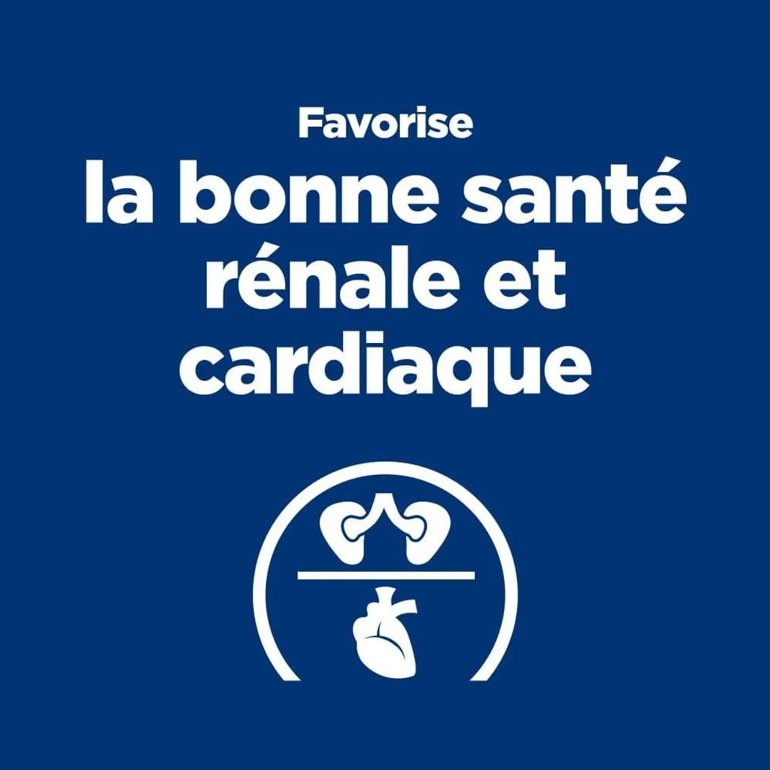 - Renferme un apport équilibré en phosphore et une faible teneur en sodium pour soutenir les reins ;
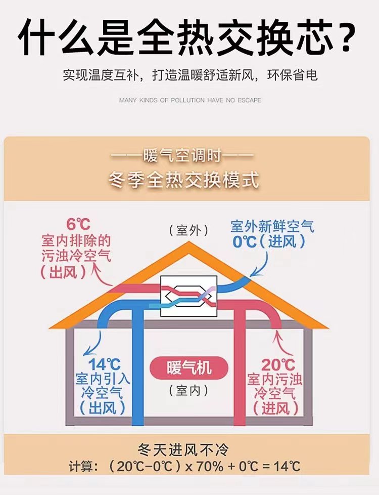 那在冬季的時(shí)候呢,還可以利用室內(nèi)暖氣的能量,對室外的冷空氣進(jìn)行預(yù)熱,再送回室內(nèi),這樣室內(nèi)的暖氣的能量損失減少,并且可以給進(jìn)入室內(nèi)的新風(fēng)加濕,因此無論是夏季還是冬季進(jìn)入室內(nèi)的新風(fēng)都可以通過全熱交換芯體,從排出去的空氣中回收能量,從而降低能耗,節(jié)約能源,達(dá)到健康舒適環(huán)保的目的,另外全熱交換效率越高,交換時(shí)損失的能量也就越少,也會(huì)更加的節(jié)能。
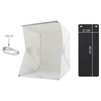 СПЕЦИФИКАЦИЯ - размеры 22/23/28см, кабель 80см, вес комплекта 220г, в комплекте палатка, 2 фона (белый и черный) и кабель microUSB.
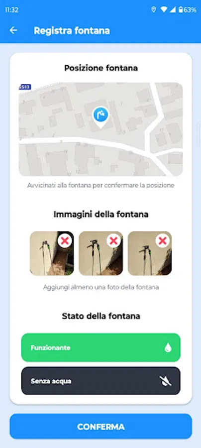 Our app promotes sustainability and resource sharing, encouraging users to report any issues they experience with drinking fountains. By doing so, you will help other users avoid non-working or undrinkable fountains, helping to keep the map always up-to-date and accurate.
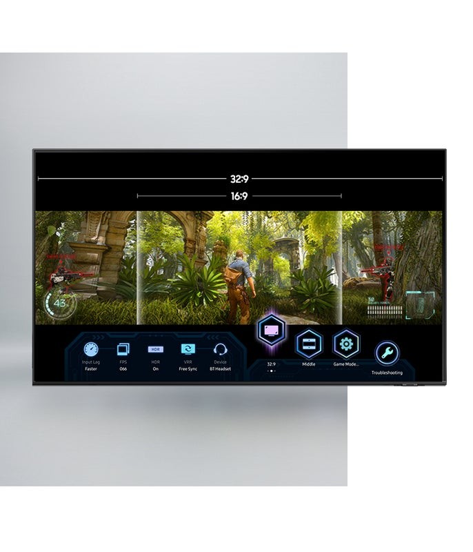 Expand your view with multiple aspect ratios from 21:9 to 32:9 with Super Ultrawide GameView. Quickly optimize game settings with an on-screen menu that lets you check input lag, FPS, HDR, wireless headset settings and more through an easy-to-access game bar.
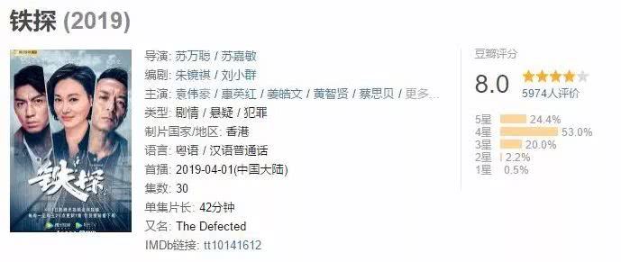 剧中角色多且立体,剧情也颇为在线,节奏也不拖,制作上有大场面,但有不会一味沉迷于大场面,所以观众对于《铁探》的评价颇高,剧情过去三分之二,但豆瓣评分依旧稳定在8.0,可见整部剧还是蛮稳的。至少不会像《再创世纪》那样完美开局结果越走越低,感觉这一次TVB的合拍剧终于不坑了!
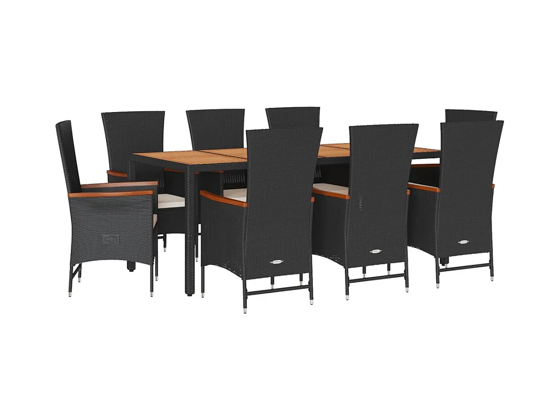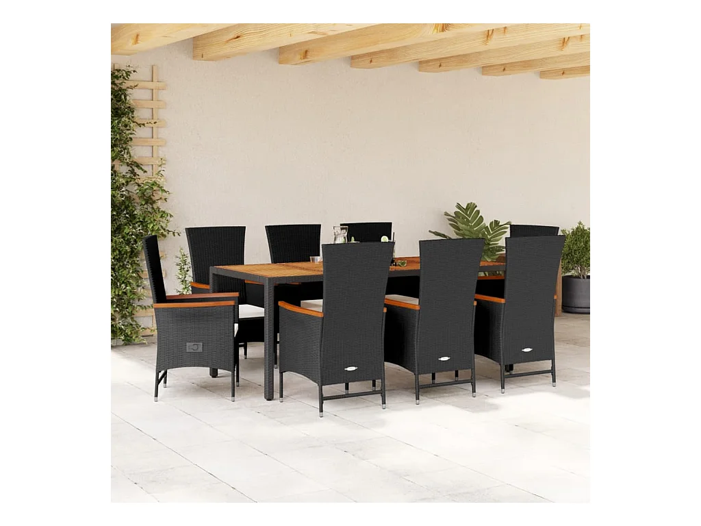 Ensemble à manger de jardin et coussins 9 pièces noir rotin acacia
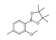 Product Name: 2-(2-methoxy-4-methylphenyl)-4,4,5,5-tetramethyl-1,3,2-dioxaborolane Order number: 209918 CAS: 1326662-69-4 Purity: >95% Appearance: n.a. MF: C14H21BO3 MW: 248.126 MP: n.a. oC Description: Boronic acids are widely used in organic chemistry, pharmaceuticals, materials science, and sensor technology. |
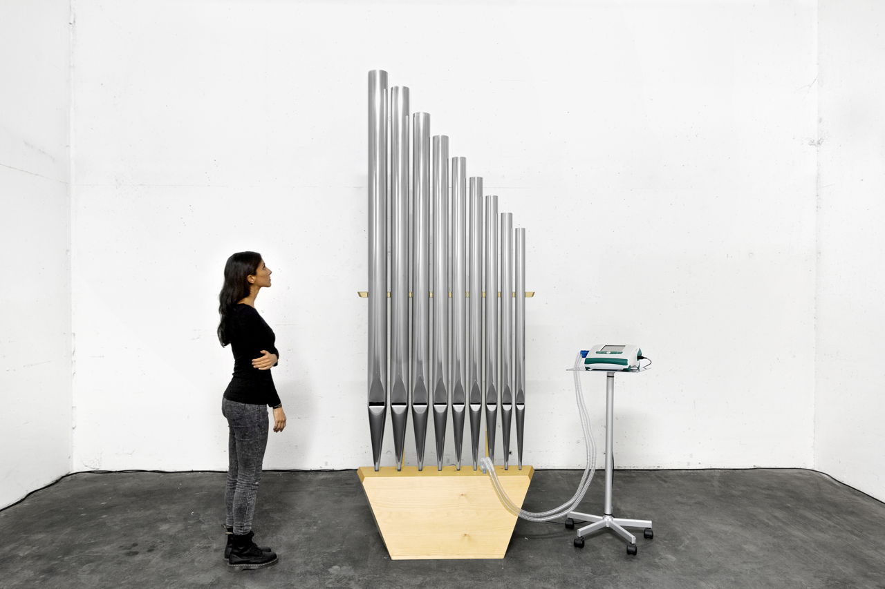The sound sculpture "Ad lib." (2017) combines a medical machine for automatic pulmonary ventilation with a few organ pipes that play a musical chord, a fragment of music (a reference to the "German Requiem" op.45 by Johannes Brahms) frozen to the constant rhythm of the automatic breath.
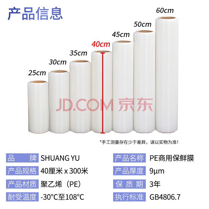 商品相册:SHUANG YU大卷保鲜膜【PE食品级300米*40cm】耐高温食品膜冰箱微波适用第
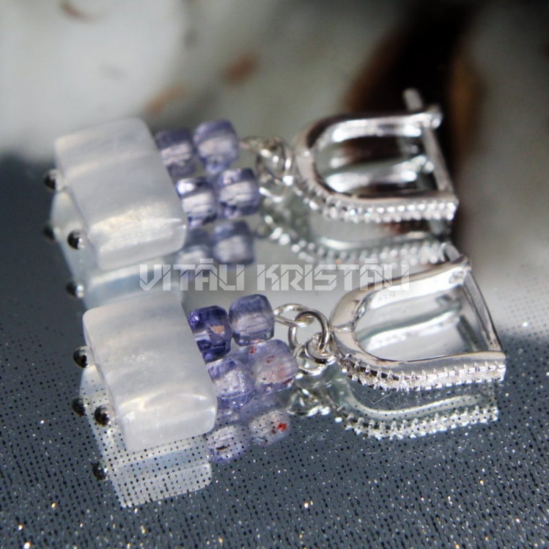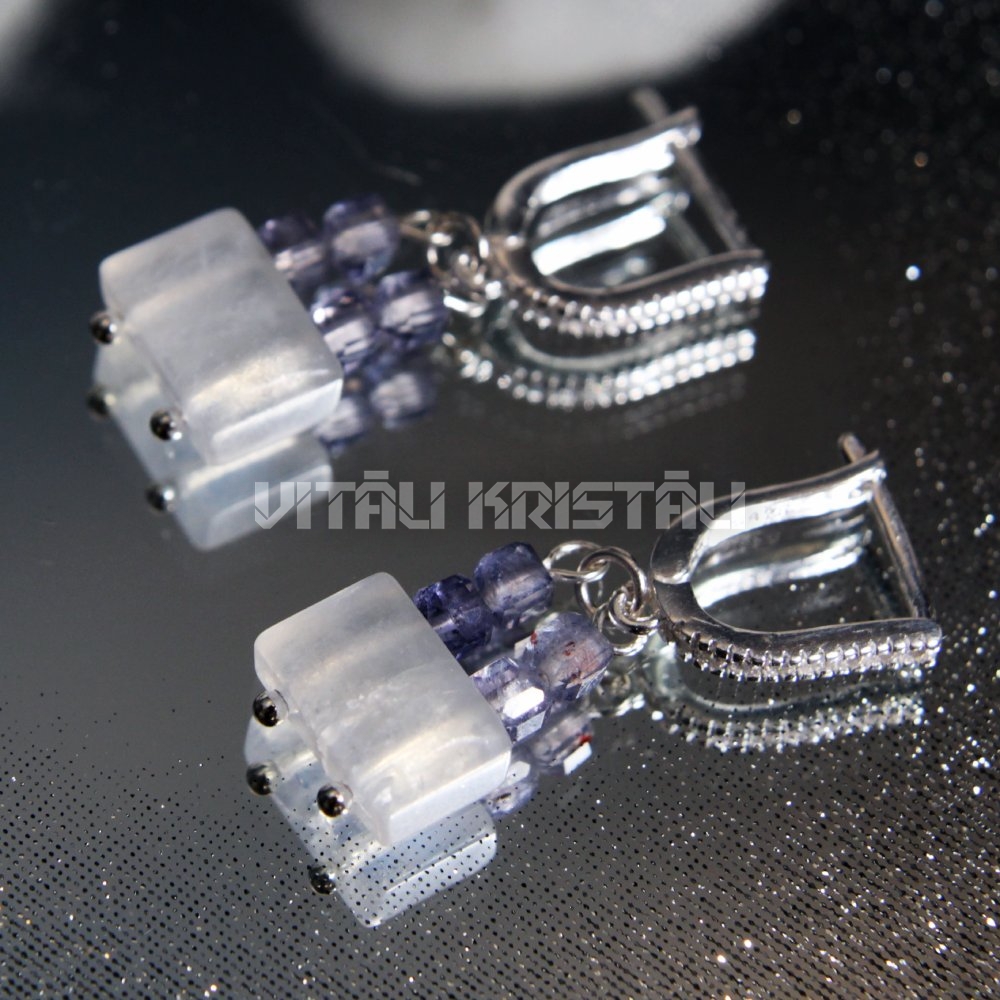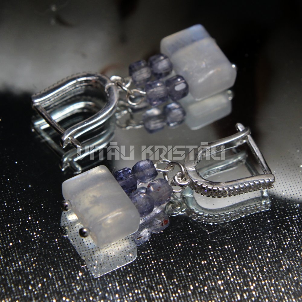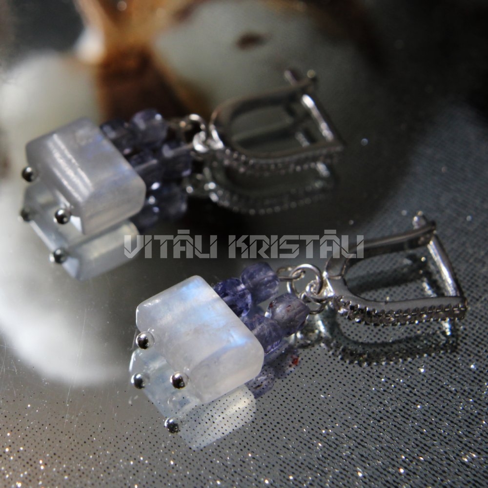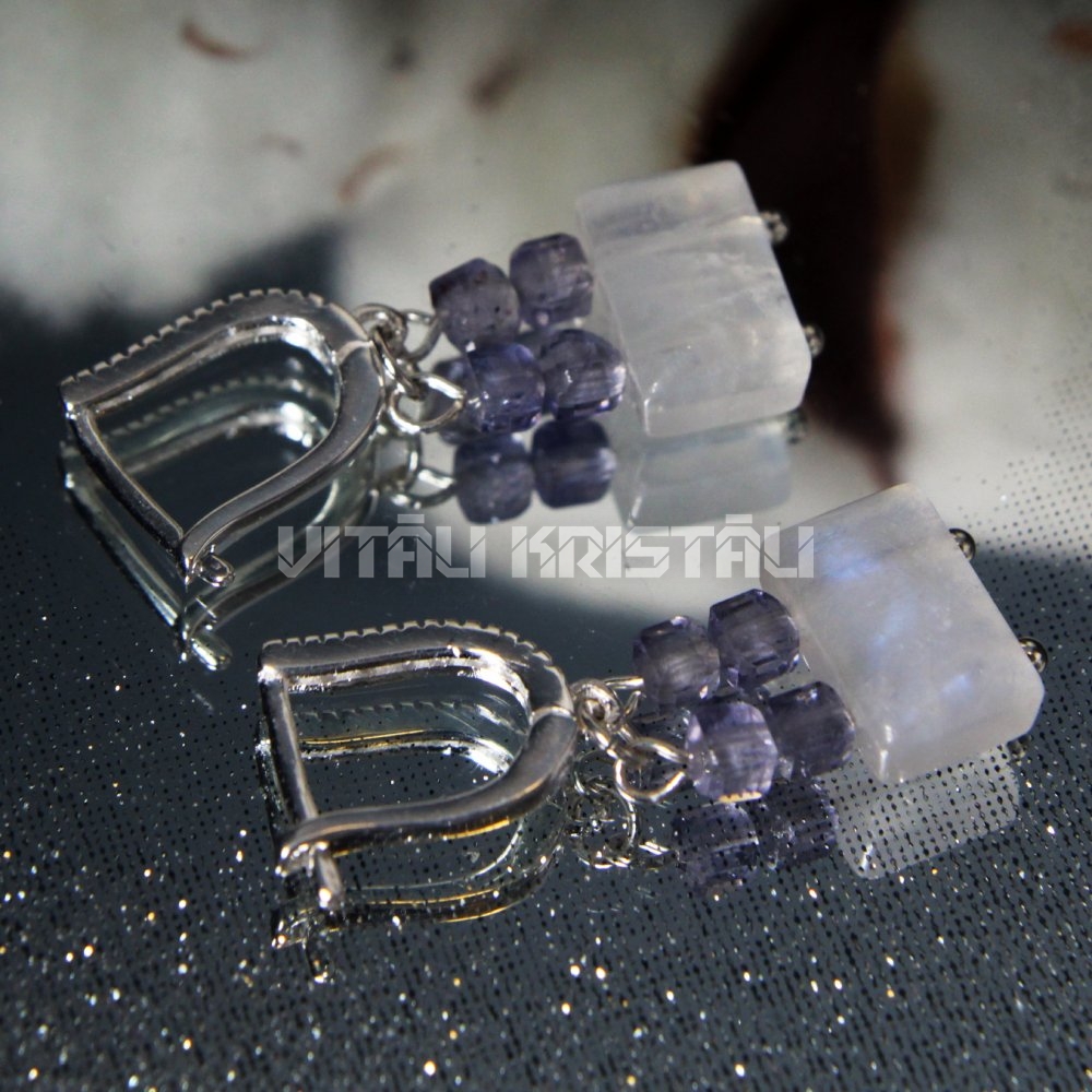 Лунный камень, Иолит серьги серебро 3 x 1 см
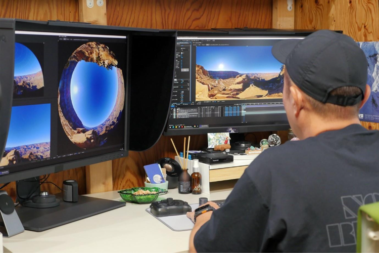 『Northern Lights –極北の夜空に輝く光の物語-』や『ヒーリングアース』をはじめ数々の作品を支えてきたのは、独自に磨き上げたVR編集の技術。迫力あるVR映像やドーム映像は、いったいどのように作られているのでしょうか。撮影した素材をどう組み合わせ、どう確認し、そしてどんなツールで仕上げているのか。その裏側のワークフローと、日々頼りにしている編集機能について伺いました。
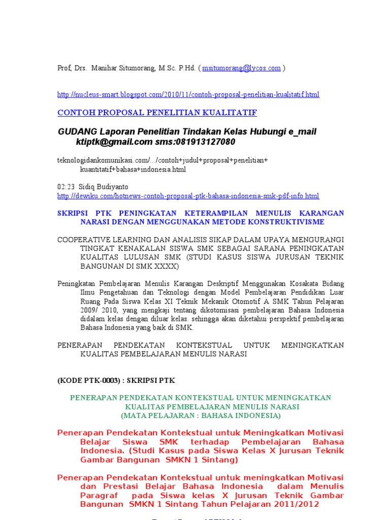 Contoh Proposal Ptk Bahasa Indonesia Kurikulum 2013 - Guru Ilmu Sosial
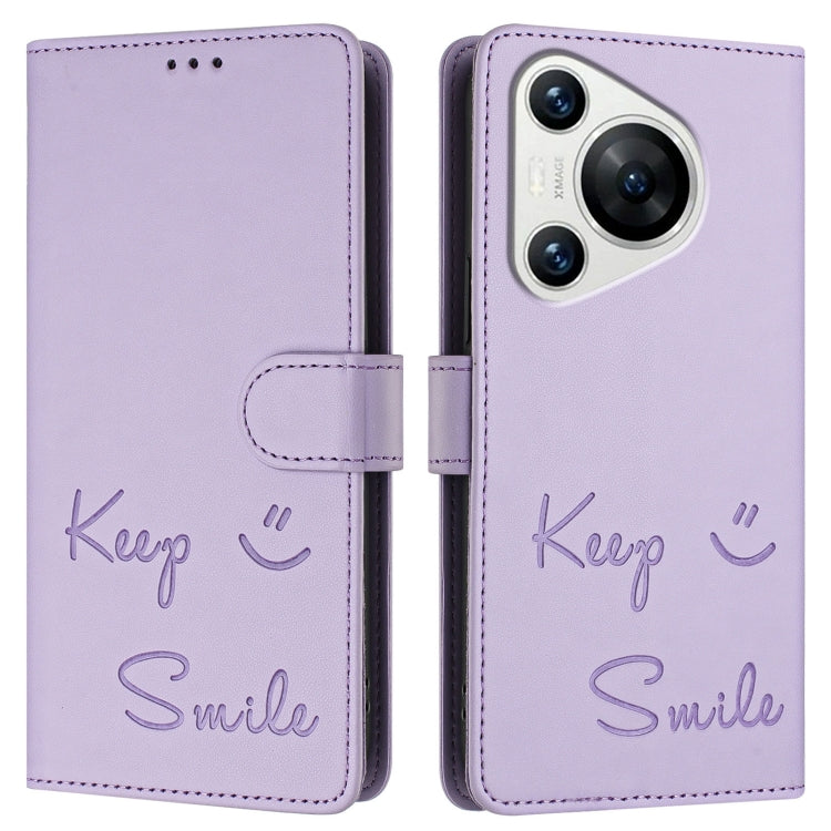Funda de Cuero Rfid con Relieve Sonriente para Huawei Pura 70 (Morado Claro)
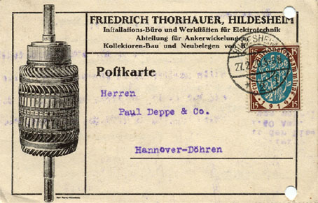 Mit dieser Karte wurde am 27.2.1920 ein Stecker, dreipolig, 60A bei der Firma Deppe in Hannover bestellt.
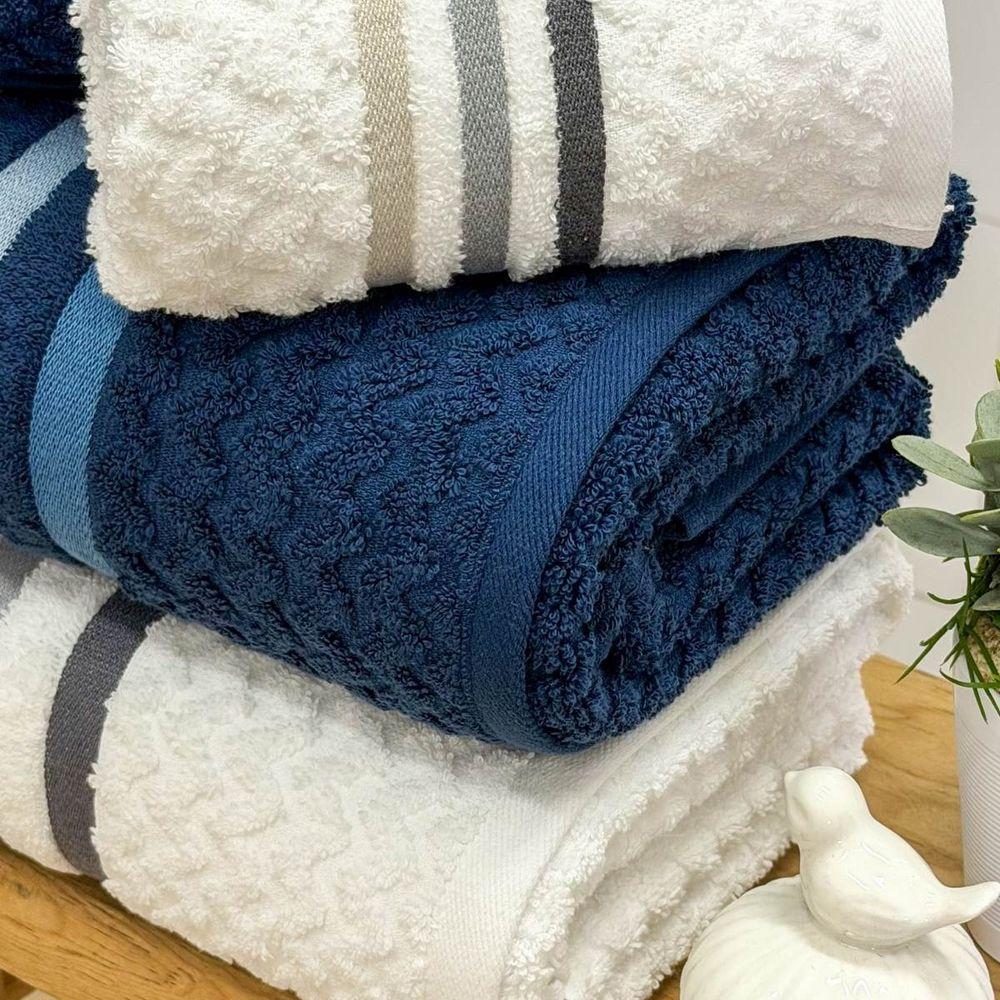 Jogo De Toalha Banhão Trento 4 Peças 100% Algodão Branco/azul MarinhoConforto e toque macio para sua rotinaO Jogo de Toalha Trento 4 peças foi pensado para quem busca conforto superior e um banho mais relaxante todos os dias. Composto por 2 toalhas de rosto (50x70cm) e 2 toalhas banhão (80x150cm), ele oferece versatilidade e bem-estar para o dia a dia. Produzidas com algodão de alta qualidade e 450g/m², as toalhas apresentam toque extremamente macio e textura aconchegante, proporcionando sensação de cuidado e suavidade desde o primeiro uso, como em um verdadeiro spa em casa.Alta absorção e design eleganteA textura especial da linha Trento garante alta absorção, secando a pele rapidamente e com suavidade, sem perder leveza ao manusear. Seu destaque fica por conta da barra trabalhada com acabamento sofisticado e das cores vibrantes que elevam o charme do ambiente. Moderno e elegante, o jogo Trento traz beleza e estilo para o seu banheiro, harmonizando com diferentes propostas de decoração.Durabilidade, praticidade e cuidado contínuoAlém do visual impecável, o Jogo Trento oferece excelente durabilidade e fácil manutenção, mantendo maciez, cor e formato mesmo após múltiplas lavagens. É uma escolha inteligente para quem deseja unir estética, desempenho e praticidade no enxoval. Com esse conjunto, você garante toalhas que continuam bonitas e eficientes por muito mais tempo.Composição: 100% algodãoGramatura: 450g/m²Contém: 2 Toalhas Banhão: 80cm x 150cm 2 Toalhas de Rosto: 50cm x 70cm
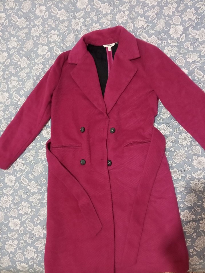 Kadın kaban, düğmeli ve yaka detaylıdır. Yumuşak ve sıcak kumaştan üretilmiş, uzun boy ve normal kesimlidir. Bordo rengi günlük kullanıma uygundur.

(WHAT YOU ARE ASKED TO DO) Lines from the one above containing "Expand your view" down to the one containing "Mit dieser Karte" should be transcribed exactly, with both ends kept and no pictures.

(RESPONSE TO THE EXERCISE)
 Expand your view with multiple aspect ratios from 21:9 to 32:9 with Super Ultrawide GameView. Quickly optimize game settings with an on-screen menu that lets you check input lag, FPS, HDR, wireless headset settings and more through an easy-to-access game bar.
 剧中角色多且立体,剧情也颇为在线,节奏也不拖,制作上有大场面,但有不会一味沉迷于大场面,所以观众对于《铁探》的评价颇高,剧情过去三分之二,但豆瓣评分依旧稳定在8.0,可见整部剧还是蛮稳的。至少不会像《再创世纪》那样完美开局结果越走越低,感觉这一次TVB的合拍剧终于不坑了!
 Ensemble à manger de jardin et coussins 9 pièces noir rotin acacia
 Product Name: 2-(2-methoxy-4-methylphenyl)-4,4,5,5-tetramethyl-1,3,2-dioxaborolane Order number: 209918 CAS: 1326662-69-4 Purity: >95% Appearance: n.a. MF: C14H21BO3 MW: 248.126 MP: n.a. oC Description: Boronic acids are widely used in organic chemistry, pharmaceuticals, materials science, and sensor technology. |
The sound sculpture "Ad lib." (2017) combines a medical machine for automatic pulmonary ventilation with a few organ pipes that play a musical chord, a fragment of music (a reference to the "German Requiem" op.45 by Johannes Brahms) frozen to the constant rhythm of the automatic breath.
 商品相册:SHUANG YU大卷保鲜膜【PE食品级300米*40cm】耐高温食品膜冰箱微波适用第
 Лунный камень, Иолит серьги серебро 3 x 1 см
 『Northern Lights –極北の夜空に輝く光の物語-』や『ヒーリングアース』をはじめ数々の作品を支えてきたのは、独自に磨き上げたVR編集の技術。迫力あるVR映像やドーム映像は、いったいどのように作られているのでしょうか。撮影した素材をどう組み合わせ、どう確認し、そしてどんなツールで仕上げているのか。その裏側のワークフローと、日々頼りにしている編集機能について伺いました。
 Contoh Proposal Ptk Bahasa Indonesia Kurikulum 2013 - Guru Ilmu Sosial
Funda de Cuero Rfid con Relieve Sonriente para Huawei Pura 70 (Morado Claro)
 Mit dieser Karte wurde am 27.2.1920 ein Stecker, dreipolig, 60A bei der Firma Deppe in Hannover bestellt.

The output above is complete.